A Lyft driver meets a transit customer.

The worldwide strike by Uber and Lyft drivers could have affected some of the transit service in Denton County on Wednesday, but by midday, DCTA officials announced they had suffered no interruptions.

The Denton County Transportation Authority has a 2-year-old contract with Lyft to serve a tiny fraction of its ridership. Officials pledged Wednesday to let riders know whether they expected any disruptions.

“DCTA is working with Lyft to ensure service runs as smooth as possible during today’s Uber and Lyft strike,” officials said.

Highland Village riders can use Lyft to get from home to the train station or across town. And after University of North Texas buses return to the yard at the end of the day, students can get a late-night ride home through Lyft. Through the contract, DCTA reimburses Lyft up to $10 per ride.

Lyft contract representatives did not answer specific questions related to its contract with DCTA, including whether it had formally notified DCTA of the potential disruption or how many Denton County drivers had signed out of the phone application Wednesday.

Instead, the press office sent the same prepared statement it provided to other news media in the wake of the strike:

“Lyft drivers’ hourly earnings have increased 7% over the last two years, and they have earned more than $14 billion since we launched. Over 75 percent drive less than 10 hours a week to supplement existing jobs. On average, Lyft drivers earn more than $20 per hour. We know that access to flexible, extra income makes a big difference for millions of people, and we’re constantly working to improve how we can best serve our driver community.”

The protests arrived ahead of Uber’s initial public stock offering Friday. Uber hopes to raise $9 billion, putting the company’s valuation at more than $91 billion and possibly becoming one of the largest IPOs in the U.S.

Driver demonstrations protested low wages and unstable working conditions in 10 U.S. cities, including Chicago, Los Angeles, New York, San Francisco and Washington, as well as in London and some other European cities. The disruptions appeared minimal, and many riders were able to hail a car.

It’s not the first time that app-hailed drivers have staged protests. Ahead of Lyft’s $2.34 billion IPO last month, drivers in Los Angeles, San Diego and other California cities demonstrated, though the disruption to riders appeared to be minimal then, too. Drivers in more cities participated in Wednesday’s protest.

Texas law does not allow public employees to strike. Dallas transit employees lost their seniority in 1980 after a strike there, according to Kenneth Day, president of Amalgamated Transit Union Local 1338.

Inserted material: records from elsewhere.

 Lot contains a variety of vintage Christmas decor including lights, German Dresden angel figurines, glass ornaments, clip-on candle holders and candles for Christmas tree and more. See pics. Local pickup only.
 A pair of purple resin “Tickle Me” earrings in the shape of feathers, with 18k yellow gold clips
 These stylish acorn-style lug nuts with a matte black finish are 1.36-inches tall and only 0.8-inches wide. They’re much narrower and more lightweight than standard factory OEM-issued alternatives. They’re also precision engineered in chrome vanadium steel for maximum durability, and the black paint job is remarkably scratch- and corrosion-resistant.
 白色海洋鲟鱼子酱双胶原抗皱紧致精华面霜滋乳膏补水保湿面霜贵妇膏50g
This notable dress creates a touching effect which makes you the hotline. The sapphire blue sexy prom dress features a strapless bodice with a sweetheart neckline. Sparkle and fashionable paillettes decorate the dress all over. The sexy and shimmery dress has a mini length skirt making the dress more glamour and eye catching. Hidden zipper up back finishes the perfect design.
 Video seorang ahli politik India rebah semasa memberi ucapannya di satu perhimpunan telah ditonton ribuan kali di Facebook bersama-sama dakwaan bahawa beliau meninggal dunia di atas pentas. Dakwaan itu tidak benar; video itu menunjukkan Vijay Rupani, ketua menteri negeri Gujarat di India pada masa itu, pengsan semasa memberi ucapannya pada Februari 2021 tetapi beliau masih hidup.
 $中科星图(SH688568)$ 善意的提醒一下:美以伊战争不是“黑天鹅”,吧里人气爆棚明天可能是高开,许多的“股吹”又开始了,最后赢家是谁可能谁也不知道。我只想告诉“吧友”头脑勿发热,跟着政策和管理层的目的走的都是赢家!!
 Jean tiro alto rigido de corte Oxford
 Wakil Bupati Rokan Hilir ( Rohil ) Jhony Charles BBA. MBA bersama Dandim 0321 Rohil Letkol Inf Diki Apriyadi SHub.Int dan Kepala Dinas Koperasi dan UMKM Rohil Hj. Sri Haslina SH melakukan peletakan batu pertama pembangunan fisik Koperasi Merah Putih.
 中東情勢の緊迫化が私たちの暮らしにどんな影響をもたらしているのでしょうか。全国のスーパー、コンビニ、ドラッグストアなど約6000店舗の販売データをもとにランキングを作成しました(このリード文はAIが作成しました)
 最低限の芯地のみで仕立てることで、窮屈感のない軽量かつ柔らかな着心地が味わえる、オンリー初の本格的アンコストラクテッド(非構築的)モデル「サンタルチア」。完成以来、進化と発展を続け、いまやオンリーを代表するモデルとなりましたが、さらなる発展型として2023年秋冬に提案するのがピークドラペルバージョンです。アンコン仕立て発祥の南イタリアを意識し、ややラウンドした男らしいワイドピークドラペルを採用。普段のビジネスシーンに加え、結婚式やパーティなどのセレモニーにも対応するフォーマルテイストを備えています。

The local union negotiates collective bargaining agreements for DCTA bus drivers. DCTA bus drivers can strike, but only under limited circumstances, Day said.

“Once we have a signed agreement, the employer agrees not to lock out employees and the union agrees not to strike,” Day said.

In other words, the only time DCTA risks a strike is when a collective bargaining agreement — typically a three-year term — expires.

The union’s agreement with First Transit and Transit Management of Denton County is expected to be transferred Friday to the North Texas Mobility Corporation. While NTMC is a government corporation that functions almost like a subsidiary of DCTA, the union expects to retain its collective bargaining rights including its right to strike with the transfer, Day said.

The Associated Press and The Washington Post contributed to this report.